The Numbers Tell a More Complicated Story

Beyond the conceptual problem, the study has significant issues with the size and balance of what it actually tested that undermine its headline findings.

Start with a basic structural problem: the study compared 60 non-AI reports against only 20 AI-assisted reports. That 3-to-1 imbalance matters because the study's most important claim, that supervisors rated AI reports lower on accuracy, is built almost entirely on those 20 reports (Adams et al., 2026). With a sample that small in the AI group, a handful of genuinely poor reports, or even a couple of outlier rater judgments, can swing the entire finding. That is not a solid foundation for sweeping conclusions about AI report writing.

The study also tested six different quality dimensions simultaneously, including clarity, completeness, grammar, accuracy, utility, and an overall global rating, and found a significant difference on only one of them: accuracy (Adams et al., 2026). When researchers test that many outcomes at once, the odds of finding at least one that looks significant purely by chance increase substantially. The authors did not account for this, which means their one significant finding deserves considerably more skepticism than the paper gives it.

Perhaps most telling is a number buried in the study's own analysis: 73% of the variation in how supervisors rated reports came down to essentially random noise, and only about 9% reflected actual differences between reports (Adams et al., 2026). In practical terms, that means the ratings were driven more by which supervisor happened to review a report than by anything actually in that report.
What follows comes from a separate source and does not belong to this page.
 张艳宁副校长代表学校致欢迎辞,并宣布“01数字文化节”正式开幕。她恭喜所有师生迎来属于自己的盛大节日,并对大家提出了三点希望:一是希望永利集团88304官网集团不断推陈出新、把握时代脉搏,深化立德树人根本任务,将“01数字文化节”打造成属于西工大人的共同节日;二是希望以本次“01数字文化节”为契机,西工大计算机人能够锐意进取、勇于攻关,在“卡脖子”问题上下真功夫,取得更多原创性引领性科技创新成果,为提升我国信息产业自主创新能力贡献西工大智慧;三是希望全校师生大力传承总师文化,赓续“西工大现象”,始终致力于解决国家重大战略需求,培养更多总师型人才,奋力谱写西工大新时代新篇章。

This could be explained by the fact that the law enforcement reviewers were not from the authoring agency themselves; they were drawn from law enforcement supervisors and command staff personnel attending regional or national training programs (FBI National Academy, etc.) (Adams et al. 2026). Review processes differ largely between agencies; couple that with the reviewing supervisors not having context of the incident, authoring officer’s writing style, etc., it leaves questions on how insightful they would be in approving or rejecting a report for accuracy and other factors. Drawing firm conclusions about AI quality from a measurement approach that inconsistently requires a level of caution the authors simply do not apply.
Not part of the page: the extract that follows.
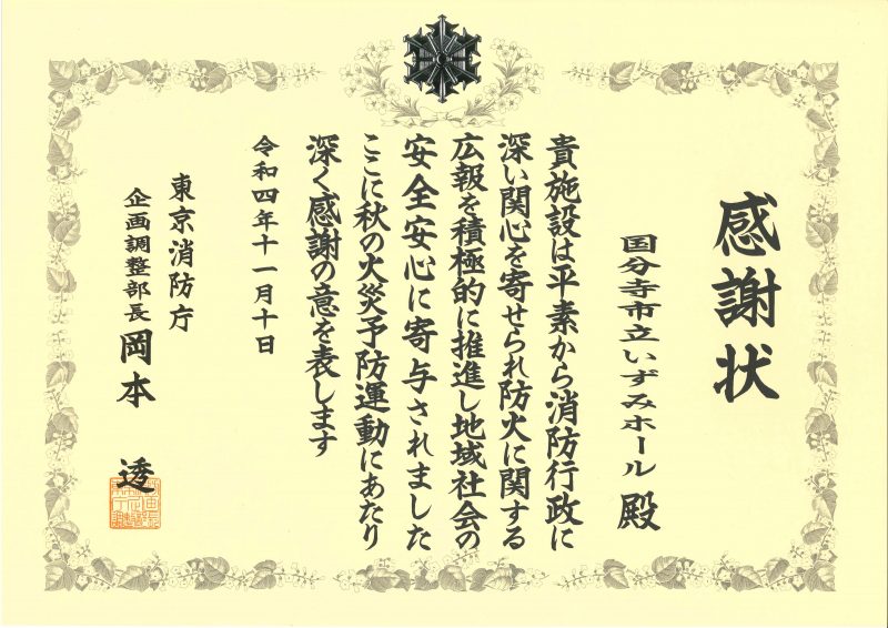 11月10日(木)に東京消防庁国分寺消防署による火災予防業務協力者表彰式が行われ、広報業務協力功労として当館が表彰されました。功労内容となった「秋の火災予防運動」横断幕掲出は、16日(水)まで正面入口に設置しています。

The Readability Critique Cuts the Wrong Way

The study makes a significant argument that AI-assisted reports score lower on readability indices, including Flesch Reading Ease, SMOG, and Flesch-Kincaid grade level, and that supervisors fail to penalize this in their ratings, representing an oversight failure (Adams et al., 2026).
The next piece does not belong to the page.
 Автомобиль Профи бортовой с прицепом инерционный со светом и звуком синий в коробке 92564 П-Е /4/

There are two problems here. First, these are general-purpose readability measures developed for expository prose. They penalize technical and legal language that is often not just appropriate but required in police reports. Phrases like "in plain view," "exigent circumstances," or "did knowingly and intentionally" are legally precise terminology that these readability scores treat as complexity problems. Higher grade-level scores in police reports may reflect appropriate legal register, not problematic inaccessibility. Also, if these score penalizations came from more “academic” language, which are typically not utilized in police reporting, this can be easily controlled. Prompting of the AI model matters; with constrained prompting, academic jargon can be controlled.

Second, and more practically, the authors use a Scrabble tile value score, specifically the mean English Scrabble tile value per letter, as an independent complexity measure. Whatever its theoretical justification, the operational validity of Scrabble scores as a police report quality metric is, to put it charitably, unestablished.

The Detection Finding Is Already Irrelevant

The study devotes considerable attention to demonstrating that supervisors cannot detect AI authorship at better than chance levels. The authors frame this as a governance crisis.

But here is the thing, under California's SB 524 (later codified as Penal Code § 13663 following its passing), Utah's 2025 AI disclosure statute, and the emerging framework from the Council on Criminal Justice (2026), supervisors reviewing AI-assisted reports will know those reports used AI, because disclosure is mandatory (or one would think a supervisor would have knowledge of a direct agency implementation of an AI system if there isn’t a disclosure requirement). Detection ability is already becoming irrelevant as a governance mechanism. The study's most dramatic finding addresses a problem that disclosure requirements directly solve, without requiring supervisors to develop any detection ability whatsoever.

The authors actually acknowledge this themselves when they recommend audit infrastructure, draft retention, version tracking, and mandatory disclosure as governance tools (Adams et al, 2026). They just bury those recommendations after extensive discussion of the detection failure, creating an impression of crisis that their own proposed solutions dissolve.

What the Study Actually Shows Us

Here is what I think is most important for agencies and administrators reading this research. Strip away the unsupported conclusions, and the study's findings actually point directly toward what effective, safely implemented AI report writing should look like:

·       Grammar showed the smallest negative effect, meaning AI demonstrably supports consistent, professional language

·       Approval rates were identical at roughly 22% in both conditions, meaning AI reports pass supervisory review at exactly the same rate as traditionally written reports

·       The completeness gap was tied specifically to the transcript-only architecture, which is a design choice and not a fundamental AI limitation

·       Word count showed no significant difference, meaning AI maintains appropriate report length without padding or truncation

Every failure mode the study identifies is addressable. Completeness gaps are solved by active-input architecture. Accuracy concerns are addressed through constrained prompting trained on legally sufficient police reports, as well as the active-input method controlled by the officer using the AI system. Supervisor rubric failures are addressable through disclosure, training, and rubric updates. These are implementation problems, not fundamental AI problems; I made this same claim in the evaluations of the No Man’s Hand study.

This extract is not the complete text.